• Work to complete
Please repeat only the lines below starting at the line that holds "День Дочерей Распродажа" and ending at the line that holds "- Rugby Football", exactly, with both of those lines included and every picture omitted.

───── Task data

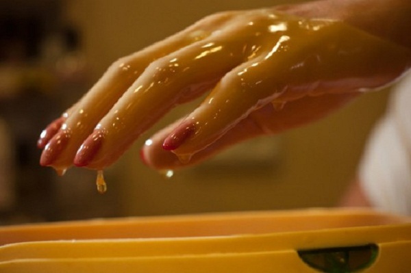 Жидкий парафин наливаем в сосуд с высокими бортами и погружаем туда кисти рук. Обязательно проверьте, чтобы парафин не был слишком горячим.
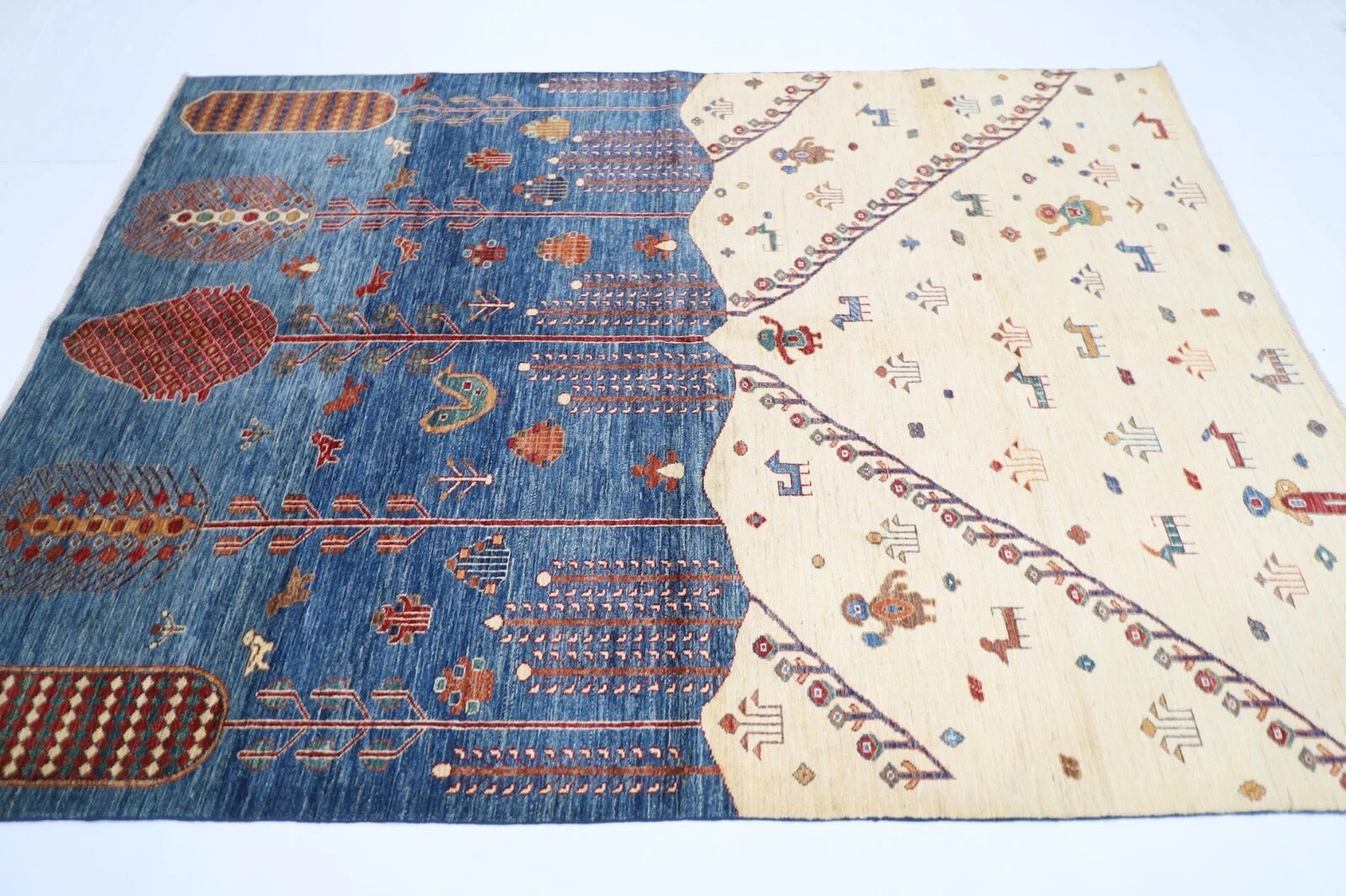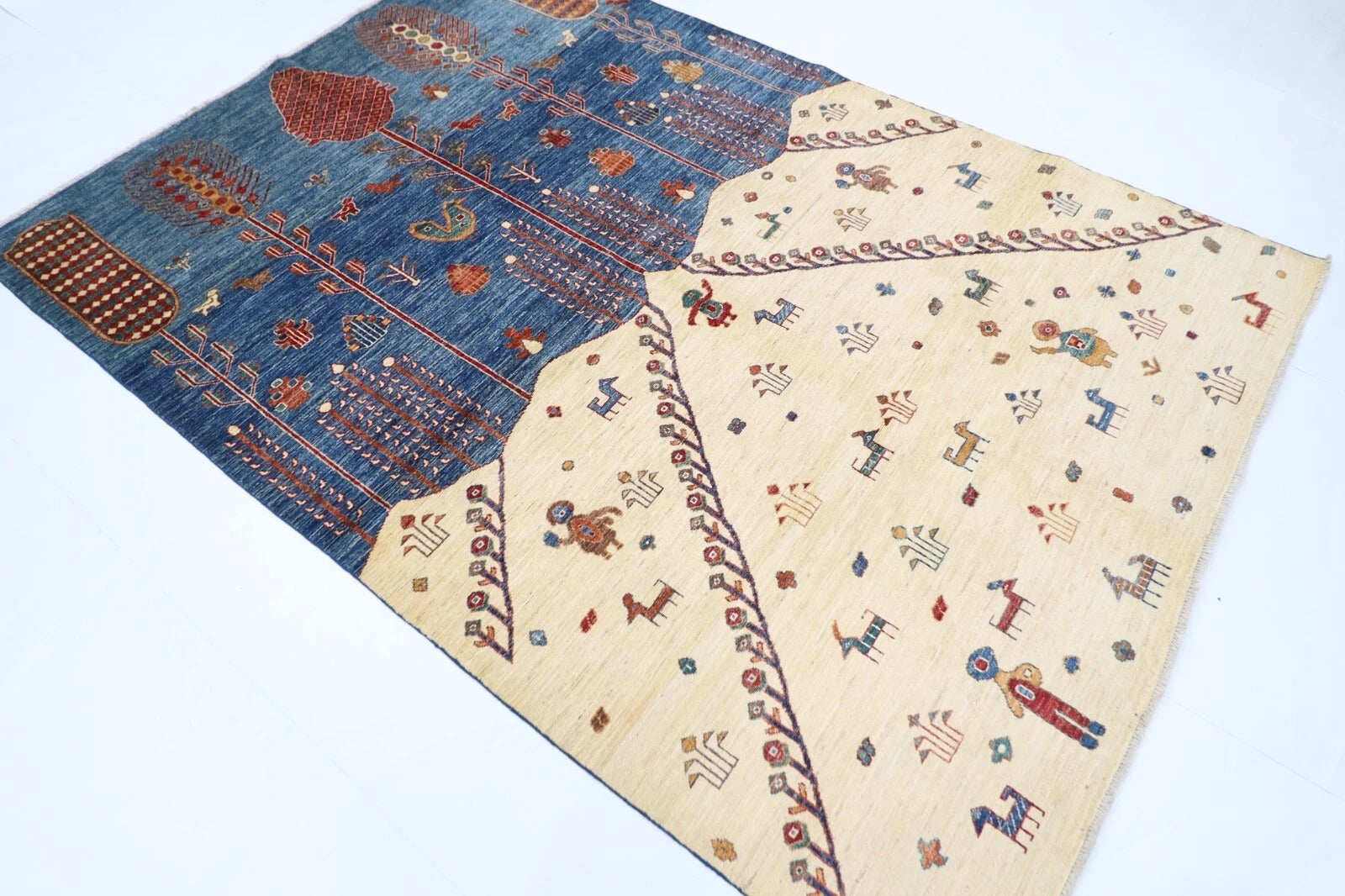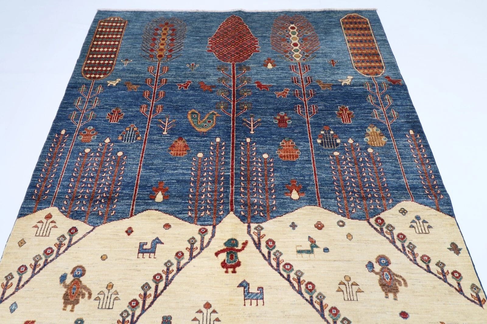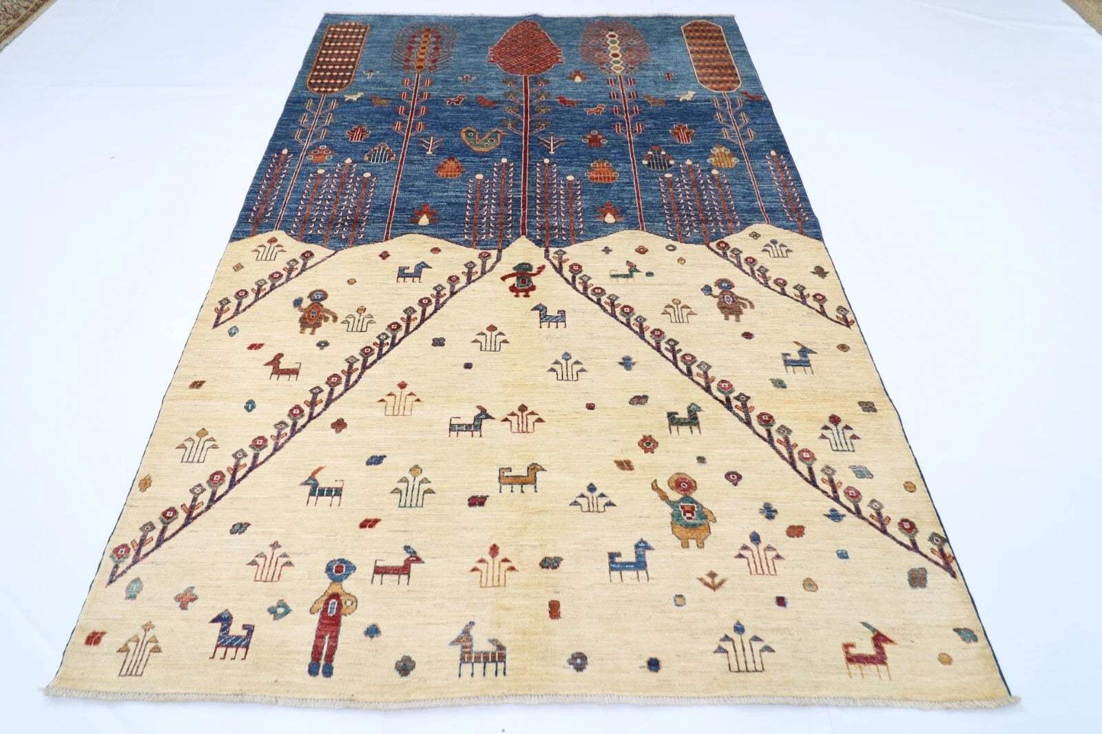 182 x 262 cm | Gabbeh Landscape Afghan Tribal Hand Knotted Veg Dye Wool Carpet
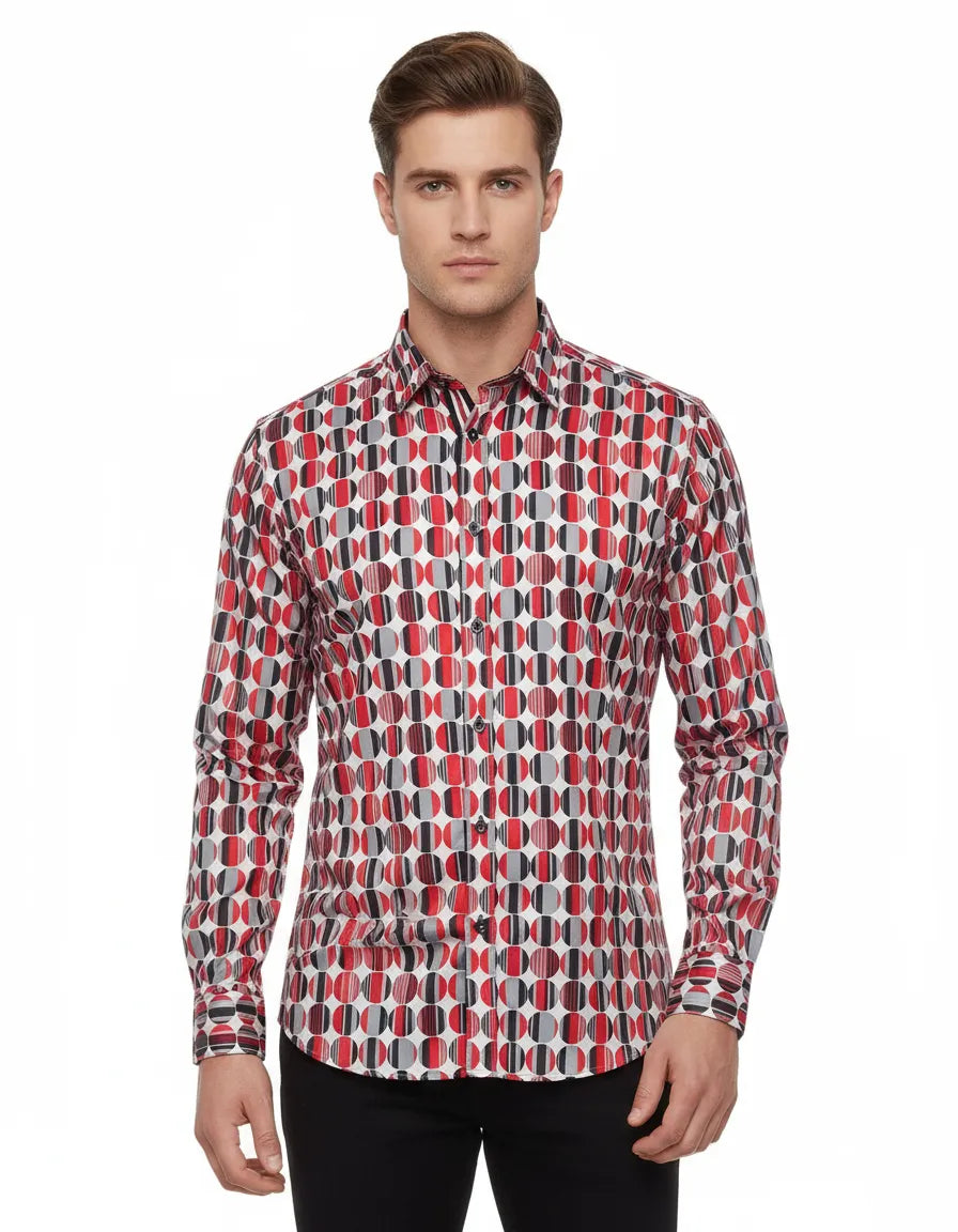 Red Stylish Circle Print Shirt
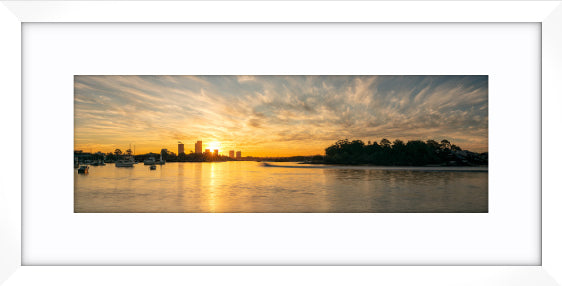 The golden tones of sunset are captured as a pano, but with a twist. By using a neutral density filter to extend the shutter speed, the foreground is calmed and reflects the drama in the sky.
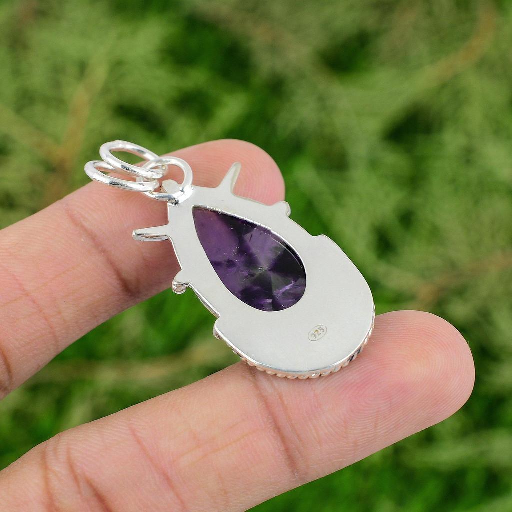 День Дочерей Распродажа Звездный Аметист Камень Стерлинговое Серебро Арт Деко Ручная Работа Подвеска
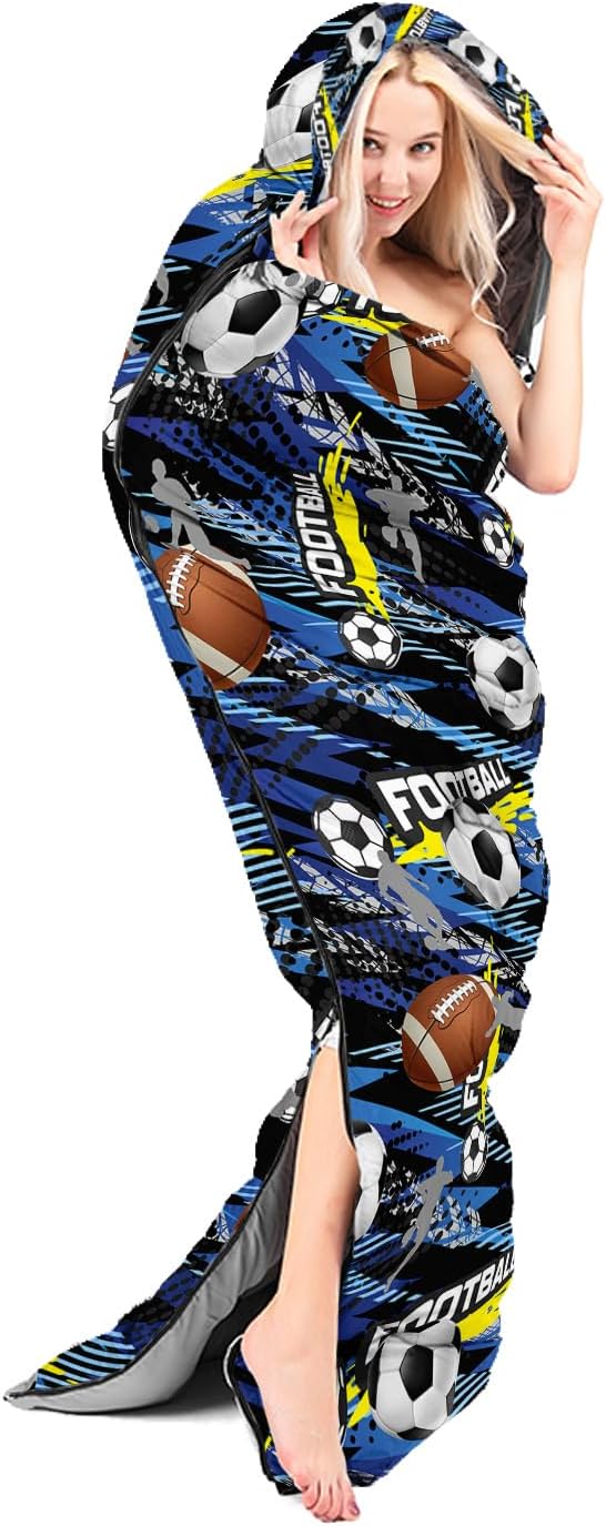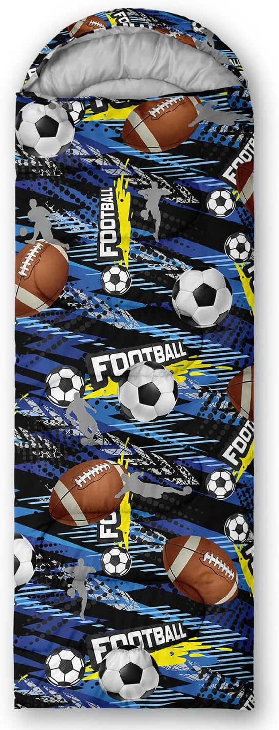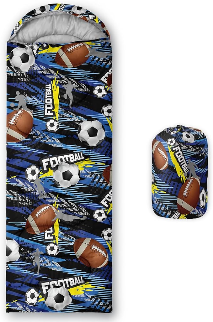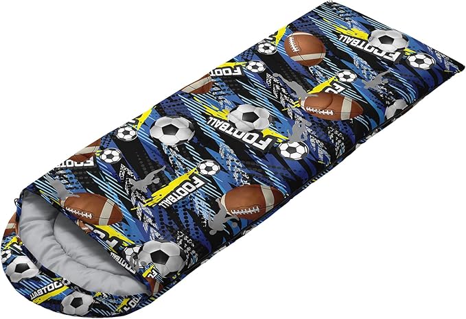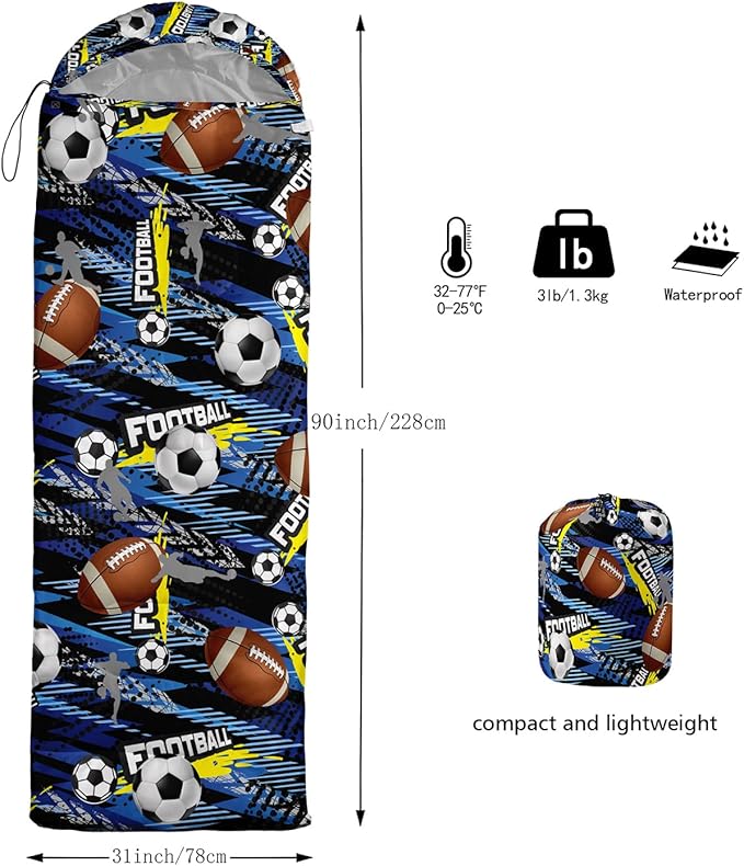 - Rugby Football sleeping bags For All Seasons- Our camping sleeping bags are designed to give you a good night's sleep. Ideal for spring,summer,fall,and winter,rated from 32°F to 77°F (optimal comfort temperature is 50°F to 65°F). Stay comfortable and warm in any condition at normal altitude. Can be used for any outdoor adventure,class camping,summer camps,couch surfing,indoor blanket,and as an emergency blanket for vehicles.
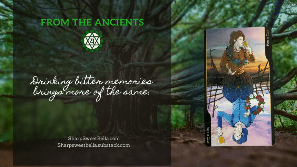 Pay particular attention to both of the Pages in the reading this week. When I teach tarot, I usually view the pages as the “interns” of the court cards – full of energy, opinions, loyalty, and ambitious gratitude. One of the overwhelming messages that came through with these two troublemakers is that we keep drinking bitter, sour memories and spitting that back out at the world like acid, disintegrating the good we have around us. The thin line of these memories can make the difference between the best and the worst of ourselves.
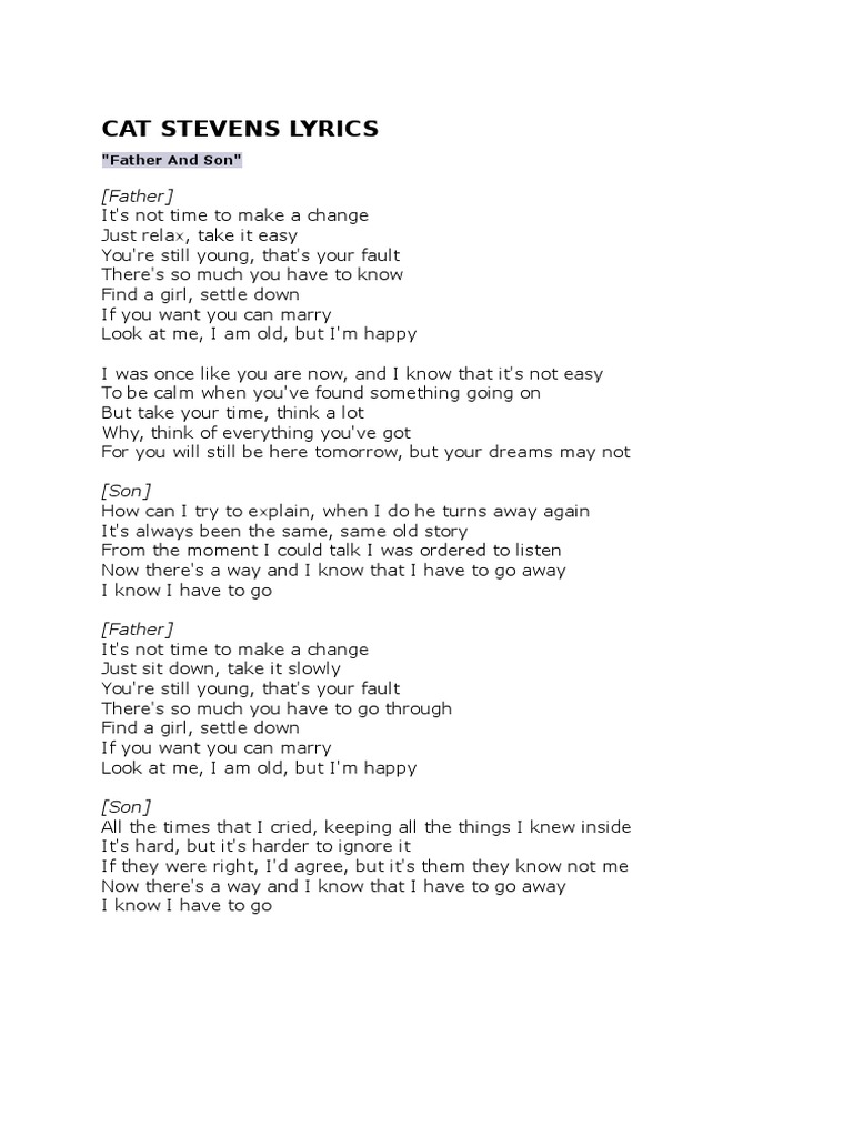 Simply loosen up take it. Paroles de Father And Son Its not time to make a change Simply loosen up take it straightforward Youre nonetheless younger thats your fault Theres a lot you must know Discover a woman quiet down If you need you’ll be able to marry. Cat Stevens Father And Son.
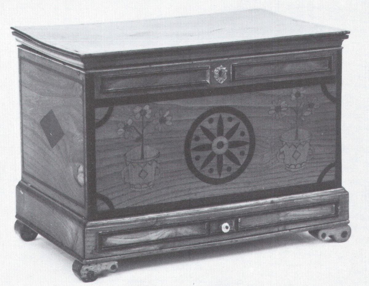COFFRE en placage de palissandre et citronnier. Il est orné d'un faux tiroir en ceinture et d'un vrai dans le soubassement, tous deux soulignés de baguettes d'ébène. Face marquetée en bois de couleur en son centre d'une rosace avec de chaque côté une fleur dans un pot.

──────────

• Written answer
 День Дочерей Распродажа Звездный Аметист Камень Стерлинговое Серебро Арт Деко Ручная Работа Подвеска
 - Rugby Football sleeping bags For All Seasons- Our camping sleeping bags are designed to give you a good night's sleep. Ideal for spring,summer,fall,and winter,rated from 32°F to 77°F (optimal comfort temperature is 50°F to 65°F). Stay comfortable and warm in any condition at normal altitude. Can be used for any outdoor adventure,class camping,summer camps,couch surfing,indoor blanket,and as an emergency blanket for vehicles.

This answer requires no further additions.